Soweit die Antragstellerin argumentiert, diese Rechtsansicht hätte „massive Folgen für die Verfolgung von Verletzungen derartiger Rechte“, setzt sie verkürzend die Einwilligung in die Verletzung von Persönlichkeitsrechten mit der Zustimmung zur Verfolgung im Fall deren Verletzung gleich. Die Rechtsdurchsetzung selbst ist nämlich nicht „vertretungsfeindlich“, sie kann nach Rechtsverletzungen an (hier:) Unmündigen durch deren gesetzliche Vertreter erfolgen, auch wenn es um ein Persönlichkeitsrecht geht (6 Ob 106/03m).
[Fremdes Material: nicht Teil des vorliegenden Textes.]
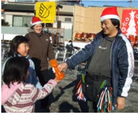
大人気!バルーンアート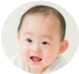
幸町1丁目 白井 道縁くん (R3.3.30生)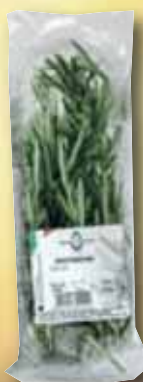
Rosmarino AROMADOMUS g 30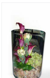
Thekengesteck 17 Glasgefäß Ø 20, Höhe 40 cm, Calla lila, Hortensie, Kies natur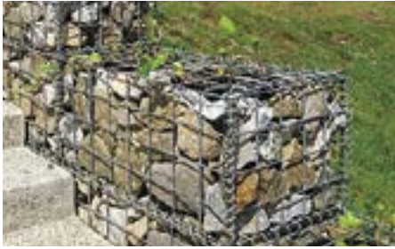
修景デザインフトンカゴ ディアシリーズ

箱状に加工した金網に石材などの自然素材を詰めるエクステリア製品です。金網に植物が絡み付くことで自然な風景を演出します。「うみがたり」などに設置されています。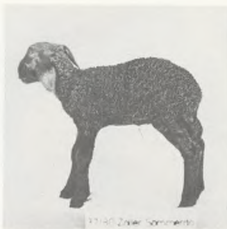
37/80 Züler Sommerda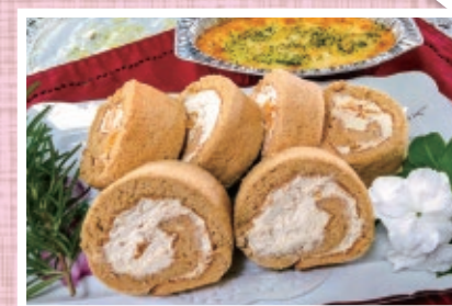
「絶品!家庭料理」受講のお客さまの声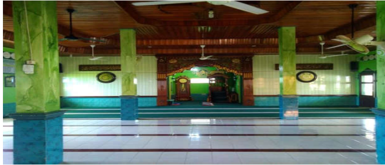
Fasilitas Masjid At-Taqwa tampak dalam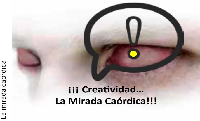
La mirada caórdica

Creatividad Aplicada: El desarrollo de los contenidos se orienta hacia la aplicación práctica de los recursos, por tanto se realizarán sesiones de creatividad que diseñaremos a modo de taller; para desarrollar habilidades y capacidades orientadas al desempeño profesional de alto nivel.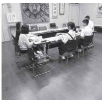
生徒会との交流会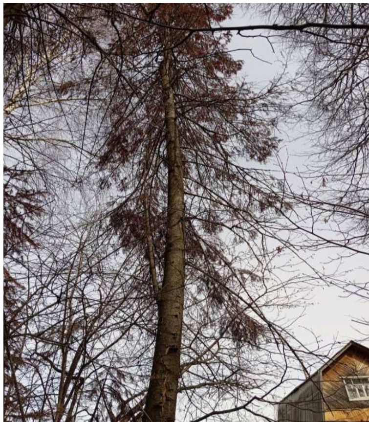
Аварийное дерево № 12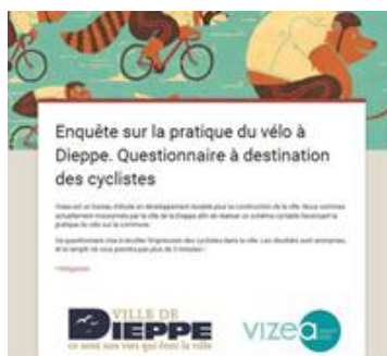
Questionnaire en ligne pour les cyclistes (Vizea)

Vizea propose l'élaboration de schémas directeurs cyclables permettant une pratique optimisée grâce à la mise en place d'actions variées et l'intégration de la population à toutes les étapes de la démarche.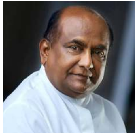
தேர்தல்கள் ஆணைக்குழுவிற்கு புதிதாக

தெரிவு செய்யப்பட்ட ஐந்து உறுப்பினர்கள் தொடர்பான அறிக்கை எதிர்வரும் சில தினங்களில் ஜனாதிபதி ரணில் விக்கிரமசிங்கவின் ஒப்புதலுக்காக அனுப்பி வைக்கப்படும் என சபாநாயகர் மஹிந்த யாப்பா அபேவர்தன தெரிவித்துள்ளார்.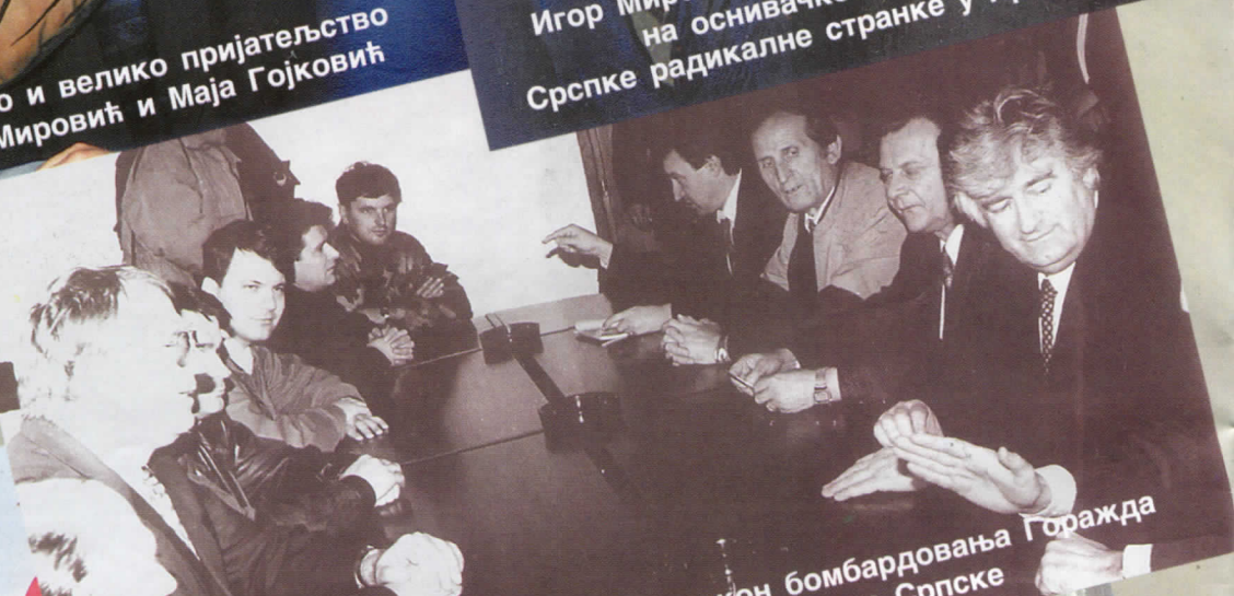
Пале, 3. мај 1994. године, након бомбардовања Горажда са руководством Републике Српске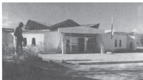
Figura 2. Museo Arqueológico de San Pedro de Atacama.

Con el objeto de colaborar con científicos visitantes y perfeccionar su propio Programa, el Instituto establece convenios de mutuo beneficio en los siguientes casos: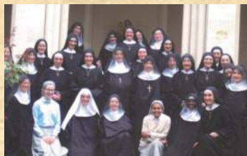
Journée des Prieures à Solesmes

C'est en effet une consolation pour toute Servante des Pauvres que de percevoir les fruits de son humble travail, par exemple lors de demandes de Sacrements, par le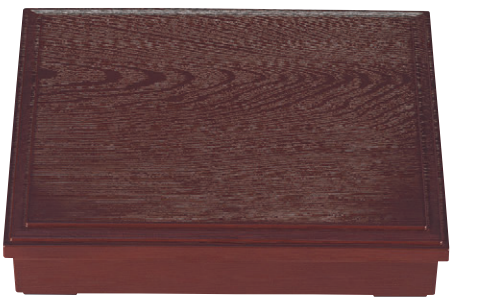
8-753-5 尺1寸長手木目松花堂 1-367-3 溜 (仕切別) ¥3,250 (31.5×26×7) 櫃20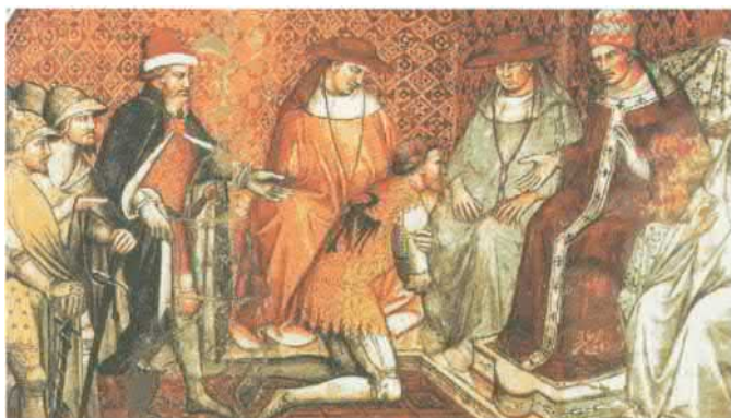
Император Фридрих Барбаросса подчиняется власти папы Александра III. Фреска работы Спинелло Аретино в Палаццо Публико, Сиена, Италия. Конец XIV в.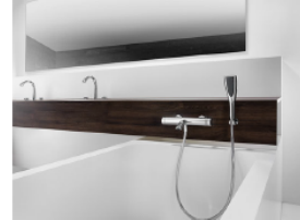
06_KWC ZOE Bad_11044...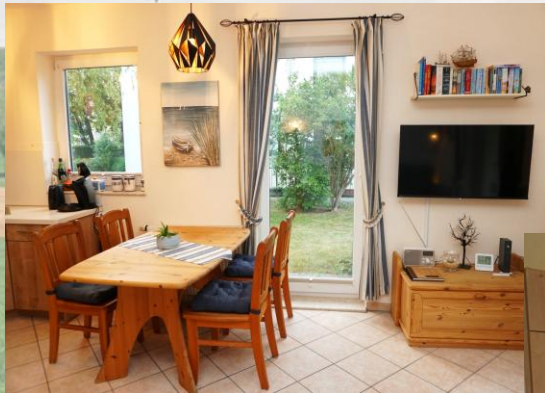
In der, in den Wohn-/Essraum integrierte komfortablen, Küche werden Sie die besten Essen zaubern. Selbstverständlich finden Sie hier eine Spülmaschine, Kühl-/Gefrierschrank, Microwelle,... etc....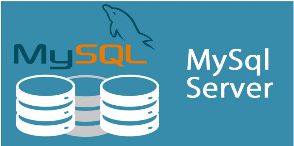
Hình 1.1: MySQL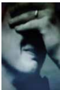
Control, poster, 2017, 65 x 43 cm.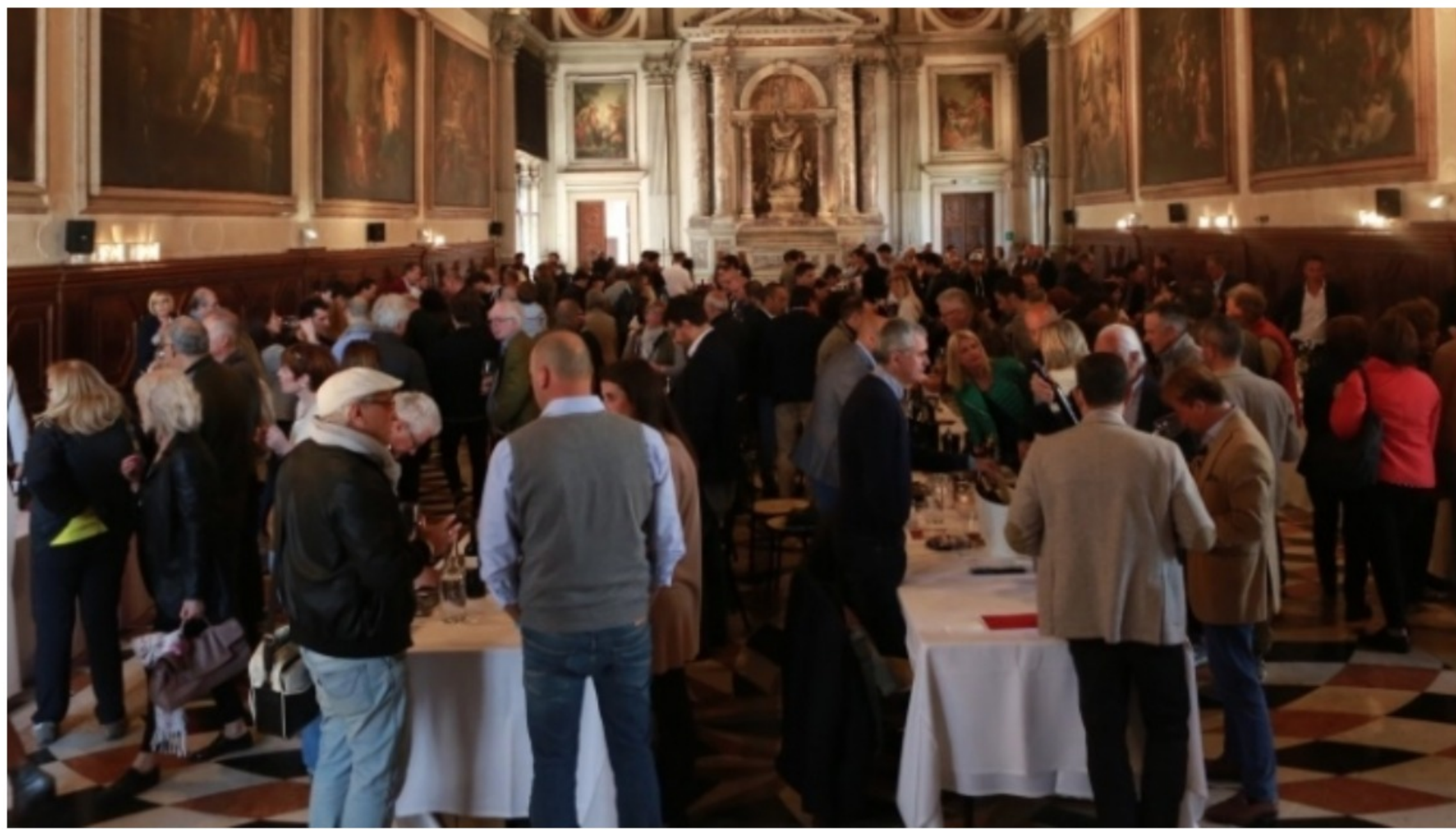
I Magnifici Vini Gis

🕒 5 dicembre 2017 ➔ CUCINA E DINTORNI, I NOSTRI CONSIGLI DI NATALE, MAGAZINE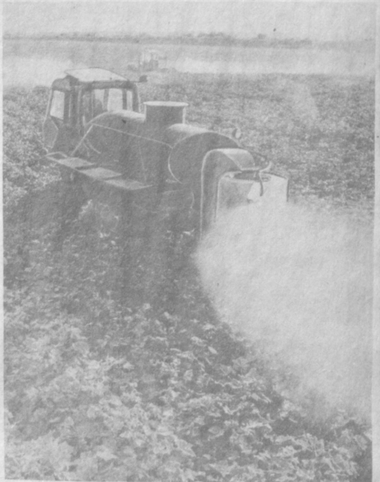
До полутора миллионов рублей сэкономит хозяйству Акылтинского района наземный способ дефолиации хлопчатника.

ХЛОПКОРЫ! Усилили напряжение на сборе урожая. Выше темпы и качество страды-85!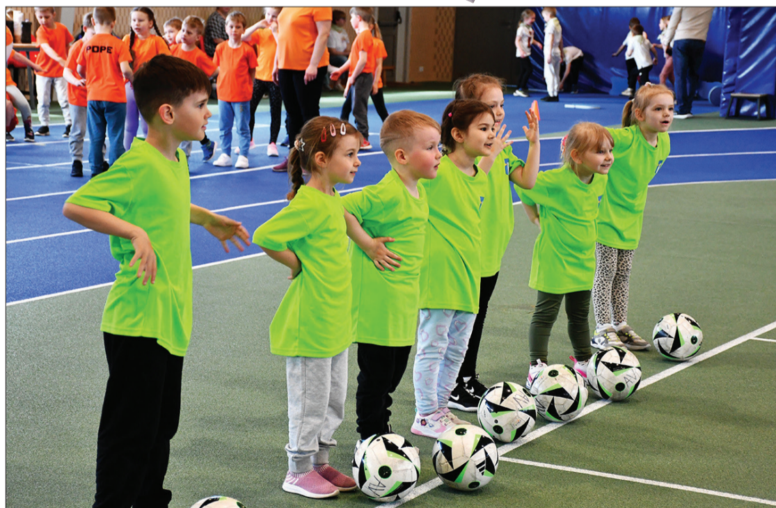
Bērni mācījās darboties komandā, pārbaudīja savu veiklību, precizitāti un ātrumu.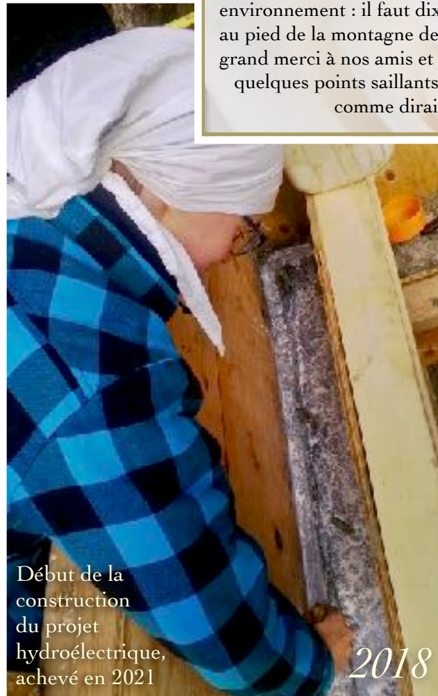
Début de la construction du projet hydroélectrique, achevé en 2021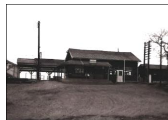
【1966年(昭和41年)頃の東那須野駅】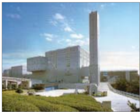
環境対策が施された東郷美化センター

I S O取得の支援、事業所における環境改善委員会の設置促進、事業所における環境学習の推進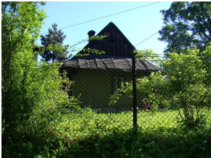
Widok chałupy od strony pd

8. Fotografia z opisem wskazującym orientację albo mapa z zaznaczonym stanowiskiem archeologicznym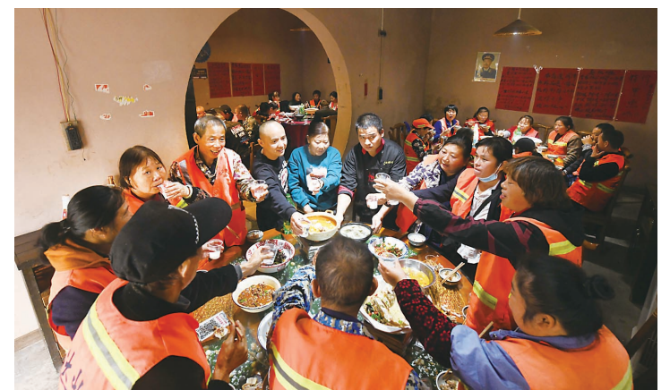
▲10月12日,环卫工人们围坐在一起吃大餐。

今年6月份,法院依法作出判决:董某犯非法狩猎罪,判处有期徒刑3个月;罗某犯非法狩猎罪,判处有期徒刑3个月,宣告缓刑6个月。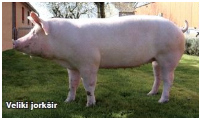
Slika 1: Krmača veliki jorkšir

Veliki jorkšir ili velika bijela (engl. Large White) je bijela pasmina svinja velikog formata koja je sudjelovala u postanku većine europskih plemenitih bijelih pasmina svinja. Nastala je u 19. stoljeću u engleskoj grofoviji Yorkshire, prema kojoj je i dobila ime. U stvaranju velikog jorkšira su sudjelovale domaće engleske svinje te mali i srednji jorkšir. Pasma se vrlo brzo proširila po cijeloj Engleskoj, a ubrzo je postala i jedna od najraširenijih pasmina svinja u svijetu. Glava velikog jorkšira je srednje duga i široka, što je jedan od znakova oplemenjenosti pasmine. U čeonom dijelu ima blago ugnuti profil i stršeće uši po čemu se razlikuje od ostalih bijelih pasmina iz skupine landrasa. Trup je dug i dubok, te povijen u leđnom dijelu. Životinje su široke u prsima, a butovi su dobro obrasli mišićjem koji se penju visoko na leđa. Noviji selekcionirani tipovi jorkšira imaju srednje visoke noge snažnih kostiju. Duž trbušne linije veliki jorkšir ima šest do sedam pari pravilno raspoređenih sisa. Svinje ove pasmine imaju tanku i nepigmentiranu kožu koja je prekrivena bijelom i rijetkom čekinjom. U zreloj dobi krmače su teške i do 250 kg, a nerasti 350 i više kg. Veličina legla u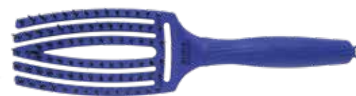
Fingerbrush Tropical Blue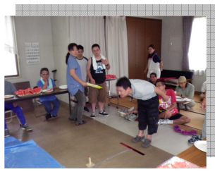
すいかの種飛ばし 気合と共に、どこまでも 飛んで行け!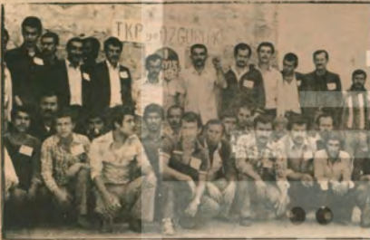
İşçi sınıfının savaşçılarını, seslerini Cezaevlerinden de yükseltti...

Olay üzerine, ilericiler sendikalarını, melek ve kitle örgütlerini, gençlik örgütlerini bulundukları 45 demokratik kuruluş yayınladıkları bildiride olayı kınadılar, maoculara Türkiye'nin bu tür davranışlarına, ortak hedefleri için ortak davranışları için ziddikertini bildirdiler.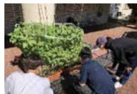
ボランティア同好会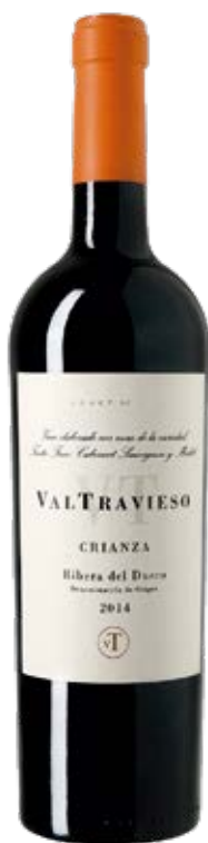
VALTRAVIESO CRIANZA D.O.: FIBRADEL DUERO Cont. Net.: 750 ml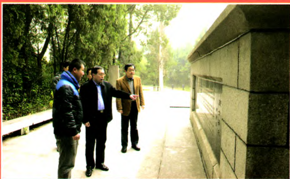
与会代表瞻仰革命烈士墓

促进了开门办史,密切了党史部门与有关部门的沟通和联系,充分发挥了党史研究各方面军的作用。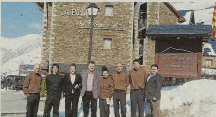
CONSELH GENERAU D'ARAN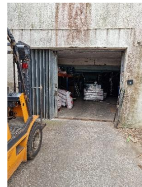
Figuras 2, 3 e 4: edifício principal e 2 armazéns do estabelecimento inspecionado.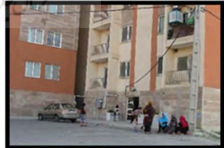
تصویر شماره ۳. کد رفتاری A. مأخذ: نگارندگان تصویر شماره ۴. کد رفتاری B. مأخذ: نگارندگان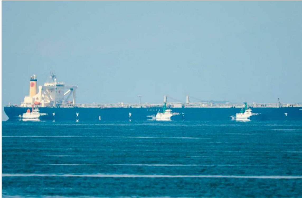
CONFLICTO. Desde el inicio de la guerra entre Irán y EEUU el paso por el estrecho está cerrado.

En su comunicado, las cuatro instituciones recordaron que “si bien la economía mundial sigue mostrando resistencia, los efectos del conflicto afectan de manera desproporcionada a los países más vulnerables”, debido al aumento de los precios del petróleo y de los fertilizantes. Durante las reuniones del FMI y del BM, a me-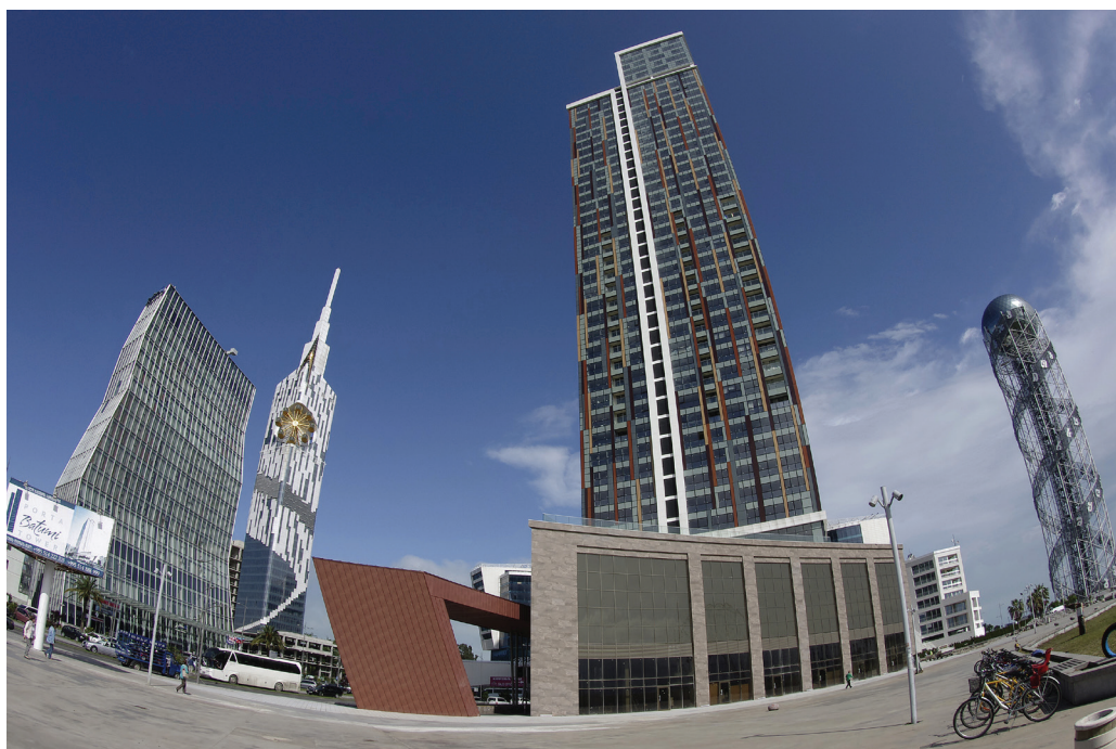
5. ábra. Batumi modern tengerparti központja irodaházakkal

kialakított vizes élőhelyek védelmére jött létre (Ramsari terület). Elérve az Enguri folyót megcsodáltuk a már 1961-ben elkezdett, de csak 1987-ben átadott, 4 millió köbméter beton beépítésével elkészített Enguri-duzzasztógátat, amelynek impozáns méretei (szélessége 750 méter, magassága 271,5 méter) lenyűgözik a látogatókat. Jelenleg az ország áramtermelésének közel felét szolgáltatják turbinái. A létesítmény érdekessége, hogy míg a duzzasztógát grúz, addig az áramtermelő egységek a szakadár abház területen találhatóak. Az Enguri a Magas-Kaukázusban ered a Skhara-gleccser olvadékvizeként. A gleccserpatakok kőzetliszttől zavaros, szürkés színű vizét gleccsertejnek nevezik.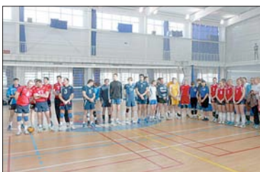
Розыгрыш Кубка начался с парада команд.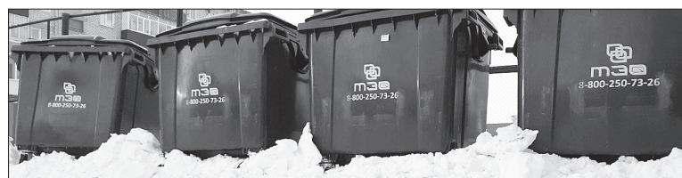
Некачественная уборка территории – одна из причин опоздания мусоровоза

Der Erneuerungsantrag bringt weiters vor, die Antragsgegnerin sei einem die Annahme des § 7 Abs 2 Z 3 MedienG nicht ausschließenden Rechtsirrtum unterlegen, weil die Medieninhaberin was im Übrigen so nicht konstatiert wurde aus den „Umständen“ ein rechtsgeschäftlich wirksames Einverständnis abgeleitet habe. Das Verhalten der Kindesmutter habe nämlich eine „Vermutung zum Einverständnis“ begründet.

Die Vermutung des Einverständnisses (§ 7 Abs 2 Z 3 MedienG) muss stets auf einen konkreten Anlass, somit eine konkrete Tatsachengrundlage bezogen sein (RIS Justiz RS0125181; Berka in Berka/Heindl/Höhne/Noll , MedienG 3 § 7 Rz 29 f; auch die Materialien beziehen sich in diesem Zusammenhang auf tatsächliche Umstände [EBRV 2 BlgNR 15. GP 31]). Ob das Medium auf Basis dieser konkreten „Umstände“ zulässig ein Einverständnis des Betroffenen annehmen konnte, ist unter Rückgriff auf die Maßfigur des verantwortungsvollen, sorgfältig handelnden, sach- und fachkundigen Journalisten (§ 29 MedienG) zu beurteilen (15 Os 83/10k; Rami in WK 2 MedienG § 7 Rz 12; zum Sorgfaltsmaßstab vgl auch Rami aaO § 29 Rz 9). Dass dieser Sorgfaltsmaßstab im konkreten Fall von Seiten der Medieninhaberin eingehalten worden wäre und durch ihre Mitarbeiter eine gerade im besonders sensiblen Bereich der Bloßstellung der Privatsphäre von Kindern evident notwendige sorgfältige Prüfung und rechtliche Einschätzung des Handelns der Kindesmutter und damit der Frage der Rechtswirksamkeit ihrer „Zustimmung“ erfolgt wäre, lässt sich den nicht angefochtenen (vgl aber RIS Justiz RS0125393 [T1]) Urteilsannahmen aber nicht entnehmen und wird im Erneuerungsantrag im Übrigen auch gar nicht behauptet.

Das Oberlandesgericht hat somit zutreffend den Ausschlussgrund nach § 7 Abs 2 Z 3 MedienG nicht angenommen. Der Erneuerungsantrag war daher gemäß § 363b Abs 2 Z 3 StPO als offenbar unbegründet zurückzuweisen.